Several ways and techniques are practiced to relieve stress. To de-stress yourself, you should practice a few of the following techniques as per your understanding and knowledge. These will help in burnout situations.

Physiological Coping Techniques: 

  • Relaxation – Go easy with yourself. If your body is feeling discomfort, change the situation. People go for short vacations after a hectic schedule at home or office to unwind self. 
  • Mediation – For overall wellbeing and better mental health, the practice of meditation is helpful. It’s a very old practice that is being accepted by modern-day science. There is enough research and evidence that meditation helps with stress, anxiety, and depression. 
  • Controlled Breathing – It is common knowledge wherein you are advised to ‘take a deep breath’ and ‘take it easy’. It helps immediately. 

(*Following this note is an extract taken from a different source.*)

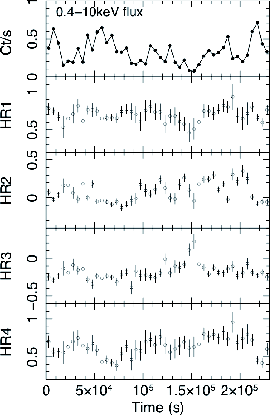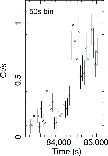 Figure 1: The X-ray light curve of NGC 4395 during the Suzaku observation. The background-subtracted counts in the 0.4-10 keV band from the three XISs are summed together. Each timebin is of a 100 s duration. |

Behavioural Coping Techniques 

  • Time management – make a list of things, arrange your list in priority, set aside a block of time, be flexible, and plan for leisure activity: avoid overloading,  and stop procrastination.
  • Self-monitor
  • Be yourself
  • Be task oriented
  • Be patient
  • Be realistic
  • Have a constructive work
  • Use supportive relationships 

When coping is unsuccessful, and the stress does not subside, the individual may seek clinical attention for medical or psychological arousal caused by chronic stress. 

Quality sleep, less screen time, taking time out for a workout, having a potent nutritious diet, and many more mindful measures can help you adapt and live life better.

References

  • Morgan, C. T., King, R. A., Weisz, J. R., & Schopler, J. (1986). Introduction to psychology (7th ed.)
  • Susan Krauss Whitbourne, Richard P. Halgin (2013). Abnormal Psychology: Clinical Perspectives on Psychological Disorders (7th ed.)